Шрифт:
«Я разыщу его адрес, напишу, — думал Женька, — а сейчас позвоню Зине». Он поднялся с кушетки, пошел в прихожую, где стоял телефон, набрал номер.
— Зина! Это я. Я, наверное, виноват перед тобой. Я хочу тебе все объяснить.
— Нет, — ответила Зина, — не надо объяснять. Все и так ясно.
— Зина, давай считать, что я только что, сию минуту приехал. Я не могу, чтобы мы были в ссоре. Я не знаю, что мне делать…
— Не знаешь, чем заняться? Сядь и посчитай, сколько раз ты сказал в своих трех фразах слово «я». Я, Я, Я, я…
Зина повесила трубку.
…Пройдет не день и не два, прежде чем Женька узнает, почему такими трудными были эти дни.
Детство приблизилось к нему, но и армия не отодвинулась. Женька не думал, что отслужил, распрощался с армией, а она в это время подталкивала его к людям, помогала становиться добрее.
Родня
Федька, сын Мареи
Бабушка приехала ночью. Я проснулась, а мать спит со старухой. Старуха лежит с краю, белый платочек сбился на лицо, и оттуда, из-под платочка, сап с тихим свистом. Мне было шесть лет, три года после смерти отца мы жили с матерью вдвоем, и в тот миг, заглядывая под платок, я поняла, что старуха здесь лишняя.
Примирил мешок. Он стоял у двери. Не очень большой, завязанный пеньковой веревочкой. Бабушка приехала из деревни и привезла мешок с гостинцами. Гостинцев было много, и все они лежали в большом мешке по отдельности — каждый в своем белом мешочке, зашитом сверху. На вид они не отличались друг от друга.
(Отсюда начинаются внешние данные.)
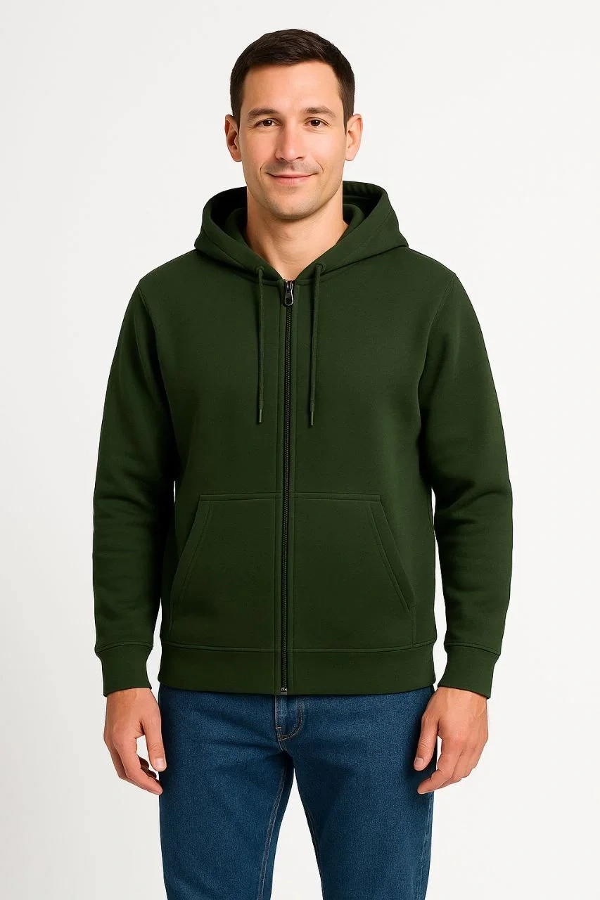 Erkek Üç İplik Kapüşonlu Tam Fermuarlı Kanguru Cepli Sweatshirt Hoodie - Haki

— Сухой гриб, — объясняла бабушка, выкладывая первый мешочек на стол, — Мареин Федька собирал. Такой хлопчик удачливый, глаз чистый, совестливый, на кого посмотрит — тому и удача.
Потом этот Мареин Федька, четырехлетний двоюродный брат, стал моей первой сердечной болью, первой ревностью, которая всякий раз, как вспыхивала, кидала меня на дно глубокой черной ямы. Наверху Федька с теми, кого я любила, — с бабушкой, Осей, Лидкой-рыжей, Мишей-маленьким, а в яме, в холоде, страхе и обиде, — я.
— Яблоки не удались, — говорила бабушка, — попадали в завязи. Одно только дерево вызрело. Федька как увидит, что кто из наших яблоко ест, аж затрясется: не ешьте, бабушка порежет, посушит и в город повезет тетке Ольге с Рэмой. Такой хлопчик, такие дети долго не живут, их на небо в ангелы забирают.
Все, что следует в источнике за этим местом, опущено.